The only parties to the Completion Agreement upon which Respondent relies for its third-party beneficiary claim were Appellants. Section 4.01 of that contract, quoted in full above and entitled “Indemnification by Hartec,” seems clearly intended to primarily benefit Ohio Casualty, who gained indemnification from Hartec from “any and all liabilities, claims, damages, losses, suits, and demands of whatsoever nature against [Ohio Casualty] ... with respect to the completion of the Bonded Contract[.]” It appears clear to us that the intended beneficiary of at least this portion of the Completion Agreement was Ohio Casualty; Respondent is, at best, an incidental beneficiary of this provision, leaving it without recourse to bring an action as a third-party beneficiary of the contract. See OFW Corp. at 879.

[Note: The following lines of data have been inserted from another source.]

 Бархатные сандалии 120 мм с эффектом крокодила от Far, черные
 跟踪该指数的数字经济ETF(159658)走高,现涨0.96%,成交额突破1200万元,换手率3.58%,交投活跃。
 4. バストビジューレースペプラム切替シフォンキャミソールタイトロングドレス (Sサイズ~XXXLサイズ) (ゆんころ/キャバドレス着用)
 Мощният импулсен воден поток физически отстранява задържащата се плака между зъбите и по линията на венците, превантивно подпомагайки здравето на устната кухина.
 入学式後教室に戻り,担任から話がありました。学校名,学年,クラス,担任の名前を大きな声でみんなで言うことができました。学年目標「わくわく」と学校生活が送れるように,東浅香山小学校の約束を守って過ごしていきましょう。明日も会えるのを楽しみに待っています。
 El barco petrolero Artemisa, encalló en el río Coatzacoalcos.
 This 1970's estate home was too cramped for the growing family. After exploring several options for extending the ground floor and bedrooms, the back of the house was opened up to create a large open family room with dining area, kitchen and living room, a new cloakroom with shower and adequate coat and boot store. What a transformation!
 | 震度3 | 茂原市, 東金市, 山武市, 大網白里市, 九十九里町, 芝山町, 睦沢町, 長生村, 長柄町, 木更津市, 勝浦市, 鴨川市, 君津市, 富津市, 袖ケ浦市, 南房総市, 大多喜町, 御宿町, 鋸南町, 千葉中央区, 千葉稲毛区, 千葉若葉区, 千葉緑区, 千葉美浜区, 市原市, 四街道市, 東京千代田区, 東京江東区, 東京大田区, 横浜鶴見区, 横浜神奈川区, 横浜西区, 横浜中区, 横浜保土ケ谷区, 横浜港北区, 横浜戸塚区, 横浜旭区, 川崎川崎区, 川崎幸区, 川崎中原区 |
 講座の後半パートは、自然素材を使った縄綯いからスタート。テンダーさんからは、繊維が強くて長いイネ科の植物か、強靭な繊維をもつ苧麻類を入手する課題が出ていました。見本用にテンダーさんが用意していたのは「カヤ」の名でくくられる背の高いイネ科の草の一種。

Summarizing, we agree with Appellants in holding that Respondent did not comply with the specific provisions of the payment bond regarding the written notice prerequisite to a suit by any claimant under that bond. Further, we reject Respondent’s argument that these provisions are immaterial because its claim in Count II was not based upon the payment bond but, instead, upon its third-party beneficiary status under the Completion Agreement. To the extent that Count II states any claim under a contract other than the payment bond, it does so in violation of Rule 55.22 in that the claim competes with a clear payment bond claim within the same count in the petition, making it problematic to ascertain the true nature of Respondent’s original complaint against Appellants. In any event, were we to grant that Respondent properly pled or argued a third-party beneficiary claim here or in the trial court, we find the law and the record before us would not bear the weight of such an argument. In light of the foregoing, we hold that the trial court’s judgment was against the weight of the evidence and misapplied the law. See Kimberling North, Inc. at 871.

*932The judgment of the trial court is reversed.6

MONTGOMERY, P.J., and BARNEY, J., concur.

. References to statutes are to RSMo (2000) unless otherwise indicated.

. Appellants’ point refers to the "performance bond,” which is a different instrument than the payment bond. The performance bond does not appear in the record before us and, at any rate, the argument section of Appellants' brief makes clear the fact that they intend to base their argument upon the notice provisions of the payment bond, and that the mention of the performance bond in the point itself is a drafting error.

. The record is silent as to the return date or the date of any repair to another piece of equipment rented to Line One by Respondent, an excavator.

.While Respondent does not question the validity of the payment bond’s “ninety day” provision, we note that the question has been addressed previously. Faced with the issue whether "a provision [is] valid and enforceable in a labor and material payment bond which requires the claimant to give written notice within ninety days after [the claimant] furnishes the last of the materials for which claim is made[,]” the eastern district of this court answered in the affirmative. Reorga*929nized Sch. Dist. R-3, Potosí, ex rel. and for Use and Benefit of Ahrens & McCarron, Inc. v. L.D. Compton Constr. Co., 483 S.W.2d 674, 675 (Mo.App.St.L.Dist. 1972).

. References to rules are to Missouri Rules of Civil Procedure (2002) unless otherwise indicated.

. Its first point being dispositive of this appeal, Appellants’ second point is not addressed herein.